If the failed server2.example.com is recoverable the easiest option is to bring it back online and have it rejoin the cluster, returning the cluster to a fully healthy state.
Now let’s start Consul:
root@server2:~# consul agent -config-dir /etc/consul.d/config
…
[INFO] agent: Joining cluster…
…
[INFO] serf: Re-joined to previously known node: ....
…
[INFO] agent: Synced service 'consul'
SIGKILL: In case the node has crashed or sigkill (kill -9 pid) was used, or we are unable to bring up node, we need to rebuild a new Consul server to replace it. Keep in mind that the rebuilt node needs to have the same IP as the failed node because the killed node's IP will be in the other nodes peers.json file. Again, once this node is online, the cluster will return to a fully healthy state provided there should be a leader present that means for bringing up the failed node the other 2 nodes should be in the running state.
If building a new node with the same IP isn't an option, you need to remove the failed node’s IP from raft/peers.json file on all remaining nodes.
Now we will see how the failed/unrecoverable node will be removed from the raft/peers.json file on all remaining nodes.
Stop all remaining nodes. You can attempt a graceful leave or issue a sigterm.
Go to data directory, in this example it is under /var/consul of each Consul node. We need to edit the raft/peers.json file. It should look something like:
root@server1:~# cat /var/consul/raft/peers.json
["192.168.1.12:8300","192.168.1.11:8300","192.168.1.13:8300"]
Delete the entries for all the failed nodes. We should confirm those servers have indeed failed and will not later rejoin the cluster. We also need to ensure that this file is same across all remaining nodes. It is not enough to just get rid of failed nodes, we also have to make sure that all other healthy nodes are in there. Without it a quorum will not form.
Now if the stopped nodes are successfully stopped then the healthy node's data directory raft/peers.json will be null.
root@server1:~# cat /var/consul/raft/peers.json
null
We need to remove the failed node’s entry from the existing nodes raft/peers.json file before we add the new node. This is not mandatory but if it’s not done the old nodes will keep attempting to reach the failed one.

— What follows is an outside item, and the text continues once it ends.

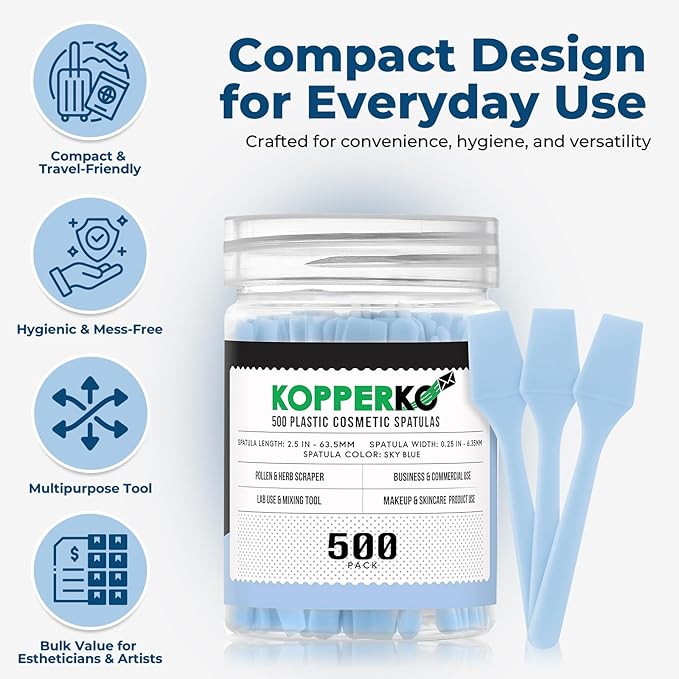 • Clean Out Your Containers: Maximize product use with our 500 pack of 0.25"x2.5" disposable makeup sample spatulas. Easily extract creams, lotions, or makeup from containers, even in tight spaces, without getting product under your nails

In this example, the new node details are server4.example.com with IP 192.168.1.14.
Now let’s start the old nodes with modified raft/peers.json files. After they are started let’s start the new node and join the existing nodes.
Now all the Consul servers peers.json files will look like:
root@server1:~# cat /var/consul/raft/peers.json
["192.168.1.14:8300","192.168.1.12:8300","192.168.1.11:8300"]
At this point, the cluster should be in an operable state again. One of the nodes should claim leadership and emit the log event:
[INFO] consul: cluster leadership acquired
We should also verify at this point that one node is the leader and all the others are in the follower state. All the nodes should agree on the peer count as well. This count is (N-1), since a leader does not count itself as a peer.